To determine whether the differential inhibition of RL-6xB mRNA expression might be the result of its faster degradation relative to control mRNA, we examined mRNA decay by measuring the integrity of uniformly labeled mRNAs. Both RL-6xB and RL decayed with similar kinetics during translation for up to 40 min of incubation, which indicated that degradation could not account for the differences in translation at the early time points (Fig. 2C). A 13% (±2) difference in stability between RL and RL-6xB mRNAs was observed at 1 hour (Fig. 2C, top). This difference in mRNA stability was abolished when anti–let-7 2′-O-Me was included in the reaction (Fig. 2C, bottom). These results indicate that mRNA degradation is not responsible for the inhibition of translation mediated by let-7 seen at early times.

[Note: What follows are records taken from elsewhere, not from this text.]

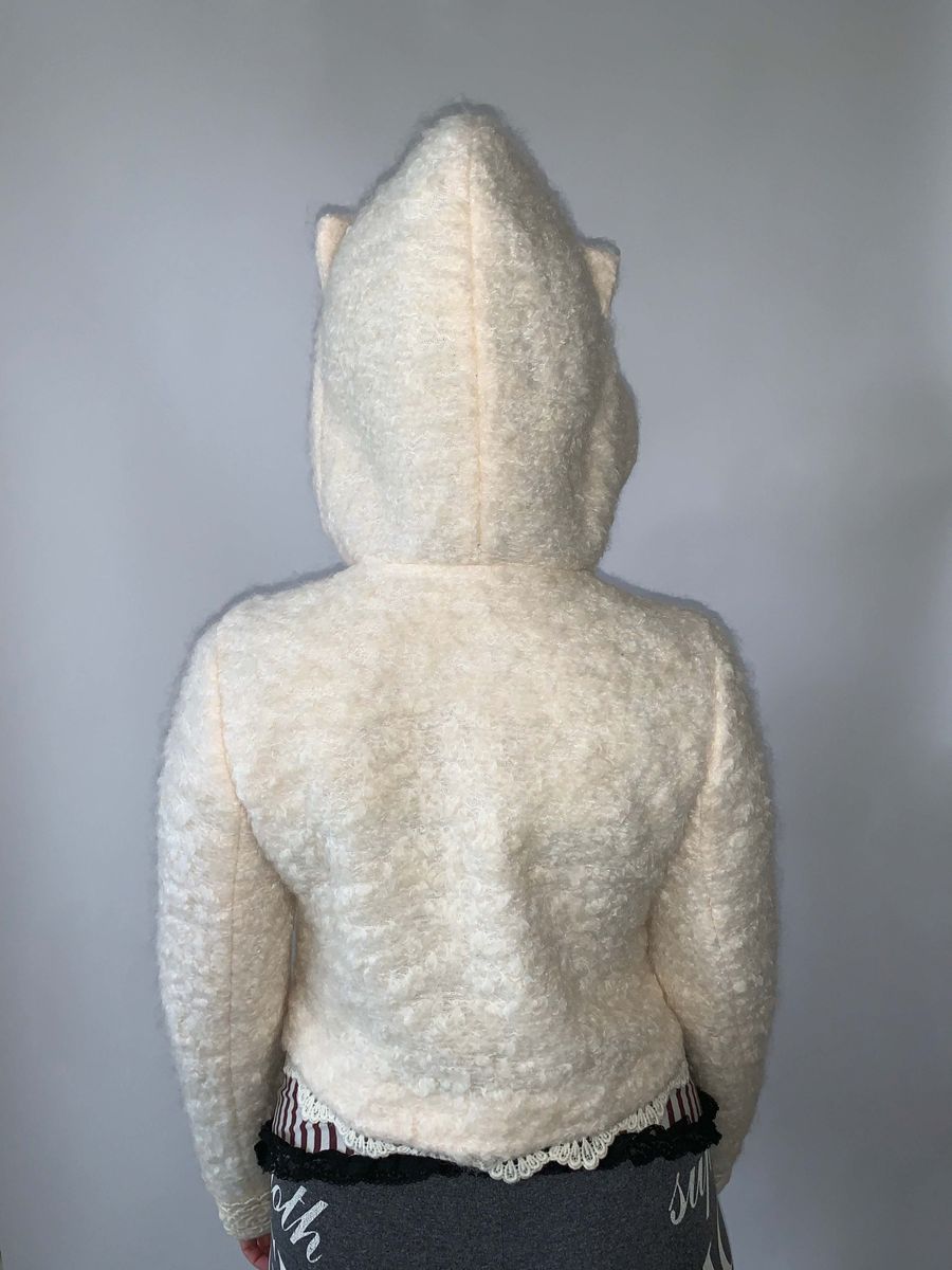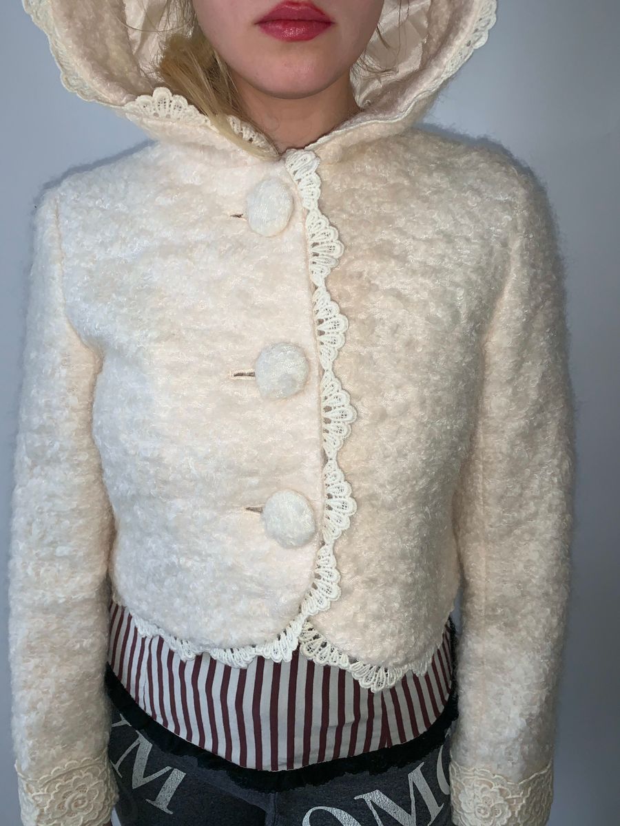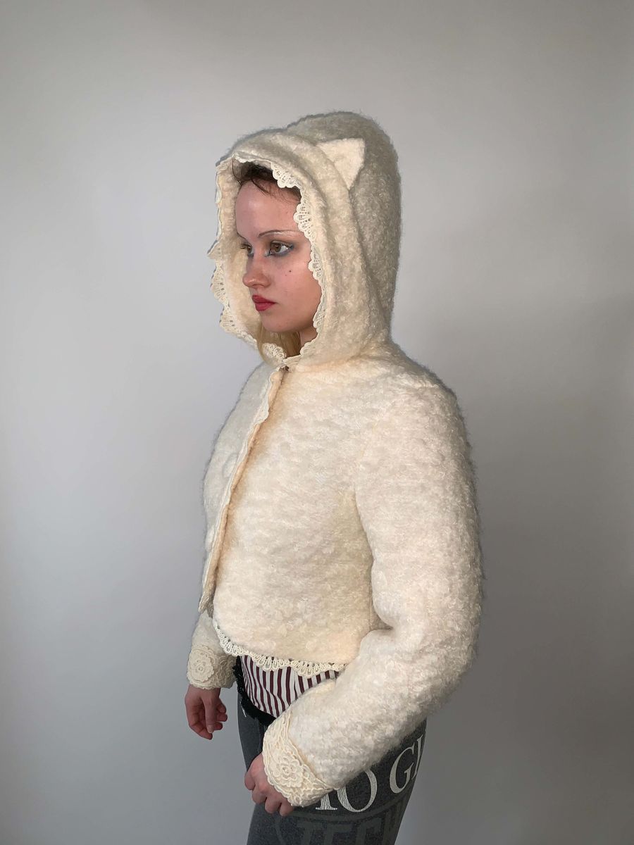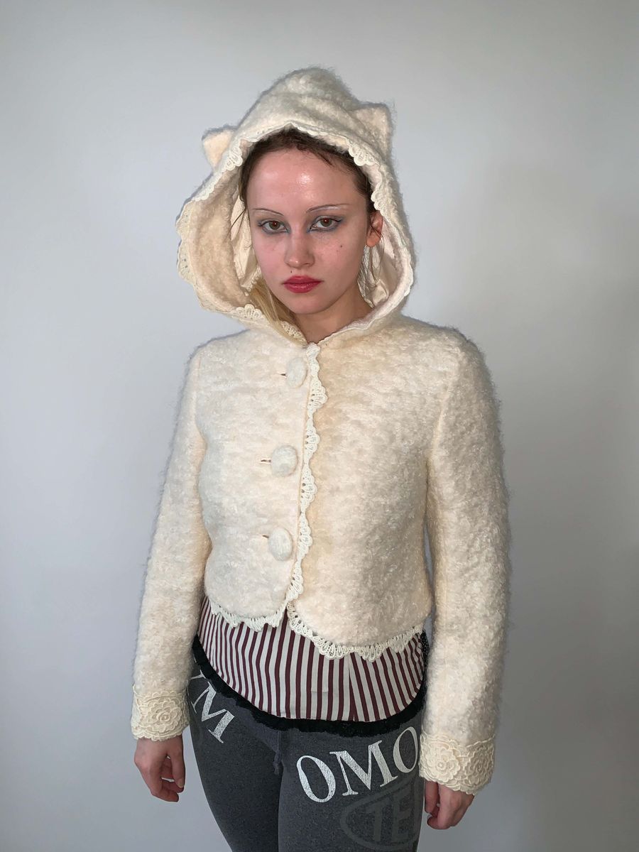 Adorable boucle jacket by cult label, Pink House. The jacket has a cat ear hood and large covered buttons down the front. There's a lovely white lace trim throughout!
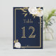 elegant anpassade bordsnummer kort vita blommor med ett marint bordsnummer i guld löv
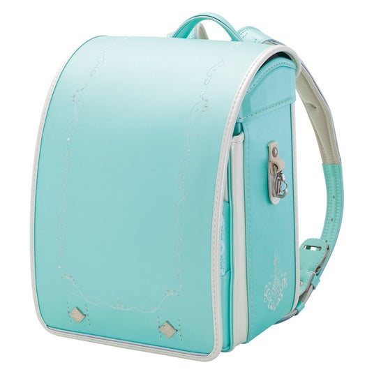 「ミントグリーン」など寒色系のランドセルは爽やかな印象で、近年人気上昇中!ドレスをモチーフにした刺しゅうがエレガント。肩ベルトには「らくふわベルト(R)」を搭載し、やさしい背負い心地を実現。お子様の成長に合わせて下ベルト幅が左右に広がる「ミラくるっロック(R)」を採用。専用のネームプレートを取り付けることができます。(後付けは不可・承り時に限ります)
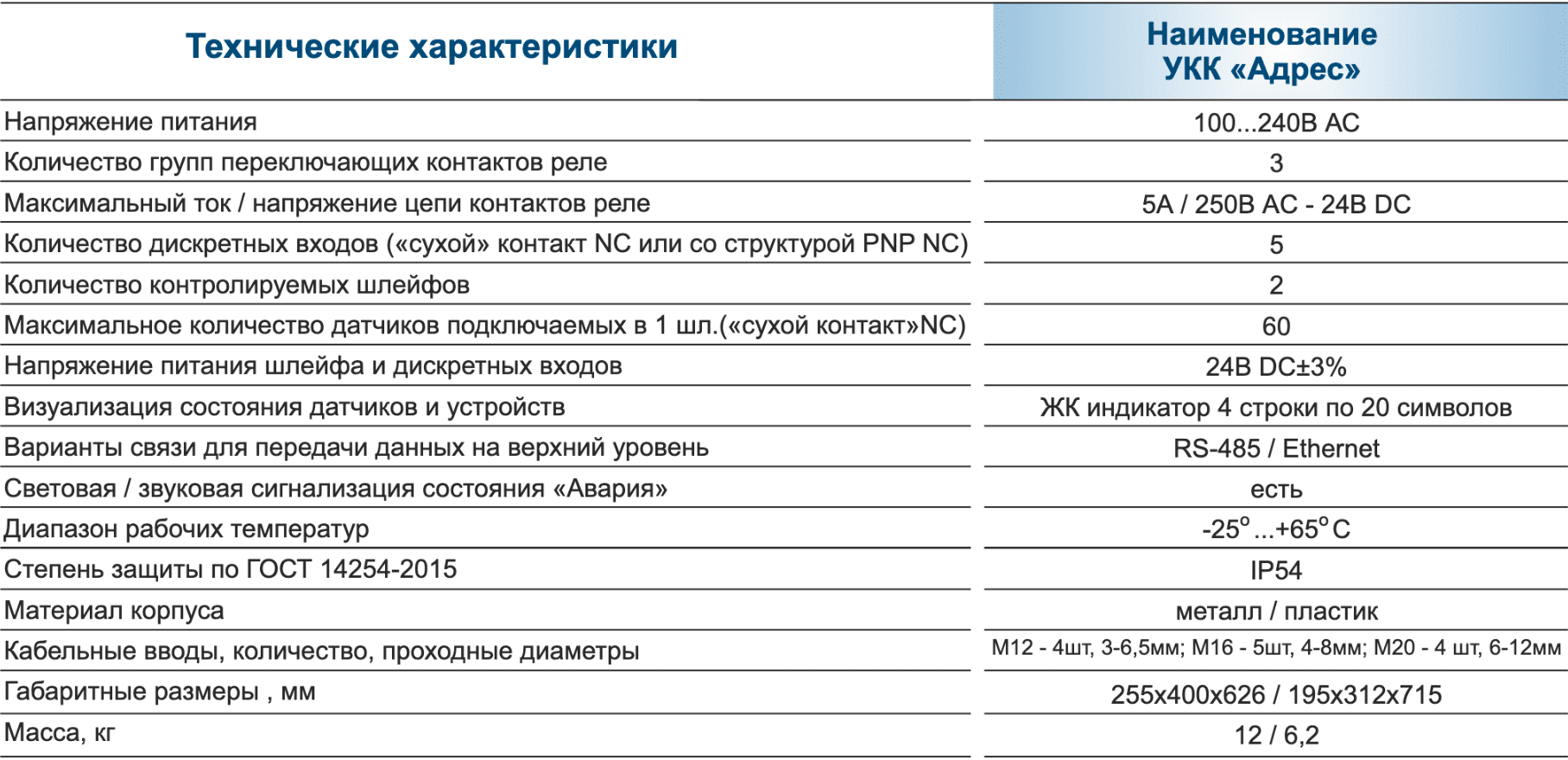 1. Подключение к двум дискретным входам шлейфов с последовательно соединенными датчиками (до 60-ти дискретных датчиков с НЗ «сухим» контактом в каждом) с возможностью определения адреса сработавшего (опция возможна при использовании адресных модулей серии АМ-УКК «Адрес»).
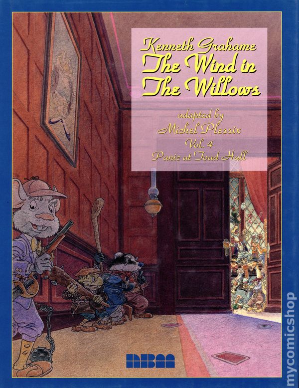 Volume 4 - 1st printing. "Panic at Toad Hall!" Story, art and cover by Michel Plessix, based on the book by Kenneth Grahame. Translated by Joe Johnson. NBM/Flying Buttress presents Plessixs version of Kenneth Grahame's beloved childrens tale. After escaping from prison, Toad comes home to find his manor invaded by stoats, weasels and ferrets, having a party; Toad seeks the help of Badger, Mole and Rat to take Toad Hall back in an epic battle. Hardcover 8 1/2-in. x 11-in., 32 pages, Full Color. Cover price $15.95.
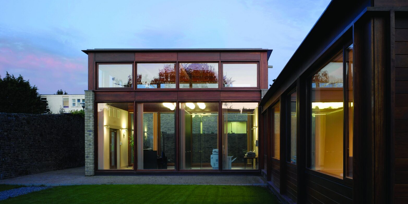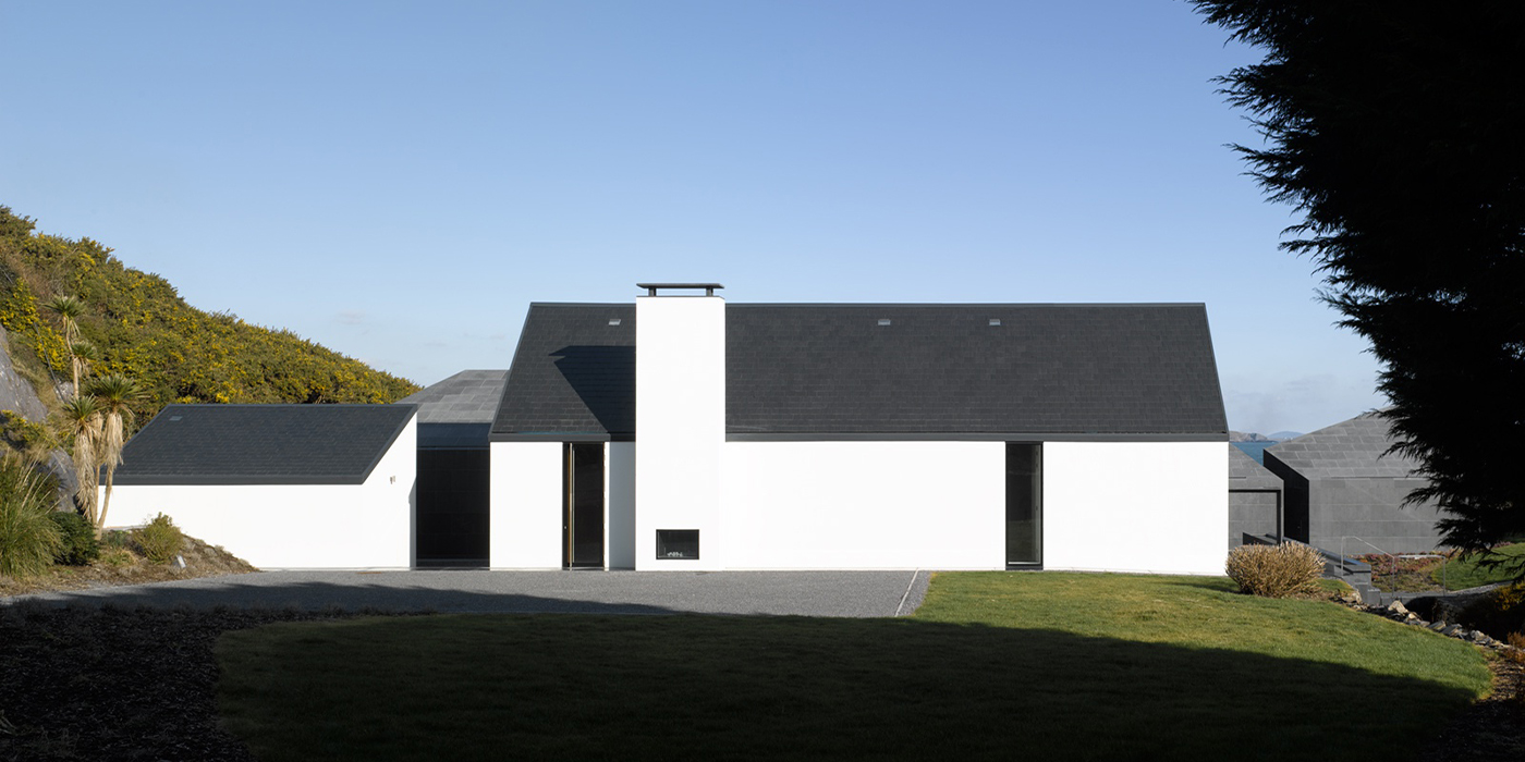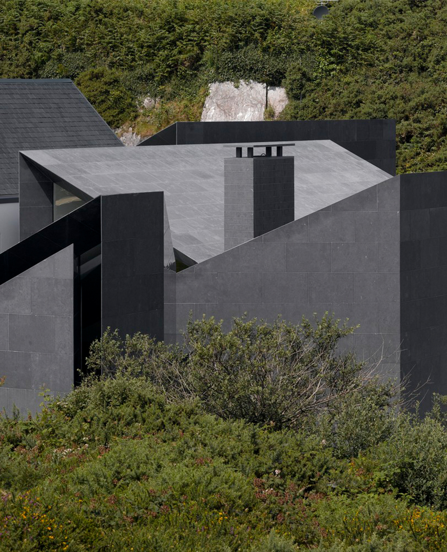 Так, существующий коттедж был сохранен и дополнен новыми многогранными объемами. Фасады облицованы ирландским известняком, который со временем естественно «впитывает» окраску окружающих скал, гармонируя с природой.
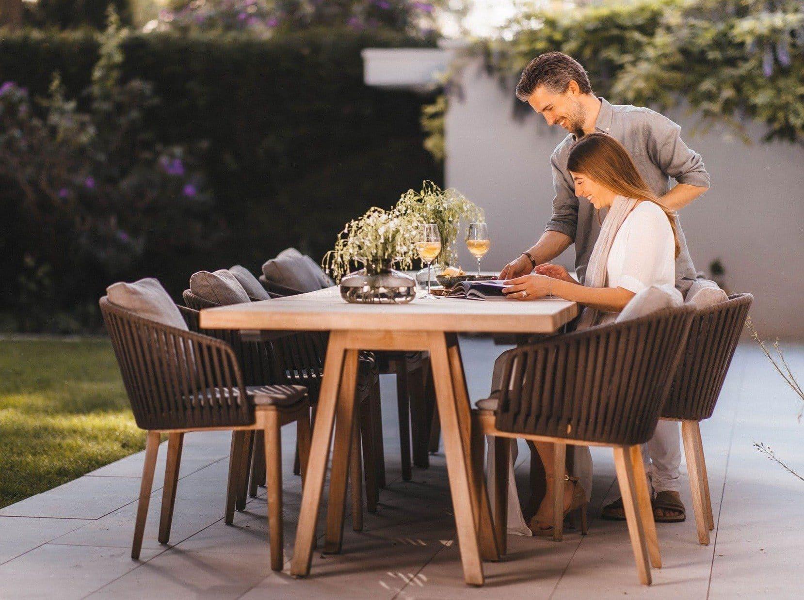 Cette collection donne une nouvelle dimension au mobilier d'extérieur en bois. La table à manger est composée de magnifiques lattes carrées en teck et est disponible en différentes dimensions, y compris une table extra-large mesurant 7 mètres !
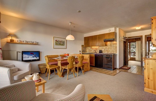 Classic apartment in La Tzoumaz, 4 Vallees, Switzerland for 5 persons. The apartment is situated in a mountainous area, close to restaurants and bars and a tennis court, only 500 m from the piste and the skilift. The apartment has 2 bedrooms and 1 bathroom. The vicinity of sports activities, places to go out, sights and culture makes this a fine apartment to spend your holidays in Switzerland with family or friends.

A salient advantage of the in vitro translation extract over the published in vivo systems is that the step of translation that miRNAs inhibit can be precisely determined. Thus, we examined 80S ribosomal complex formation by performing glycerol gradient centrifugation. At 10 min of incubation, after preincubation at 16°C for 20 min [resulting in 50% inhibition of translation (Fig. 2B)], formation of the 80S complexonthe RL-6xB mRNA was reduced by about half when compared with RL, and this inhibition was almost fully relieved in the presence of anti–let-7 2′-O-Me (Fig. 3). These results demonstrate that let-7 miRNA rapidly inhibits ribosome recruitment to the mRNA.

Fig. 3.

let-7 miRNA inhibits ribosome binding. Ribosome binding assay of RL and RL-6xB mRNAs in the absence (left) or presence of anti–let-7 2′-O-Me (middle). Ascites extract was preincubated at 16°C for 20 min, followed by a 10-min incubation at 30°C. The position of the 80S ribosomes was determined by recording absorbance at 254 nm. mRNA concentration was 0.03 nM. The right panel represents the percentage of the area under the 80S peak, calculated from three independent experiments, relative to RL. The number of counts per minute in each fraction was normalized to correct for differences in total cpm recovery between RL and RL-6xB gradients. (Right) Values represent means ± SD for n = 3.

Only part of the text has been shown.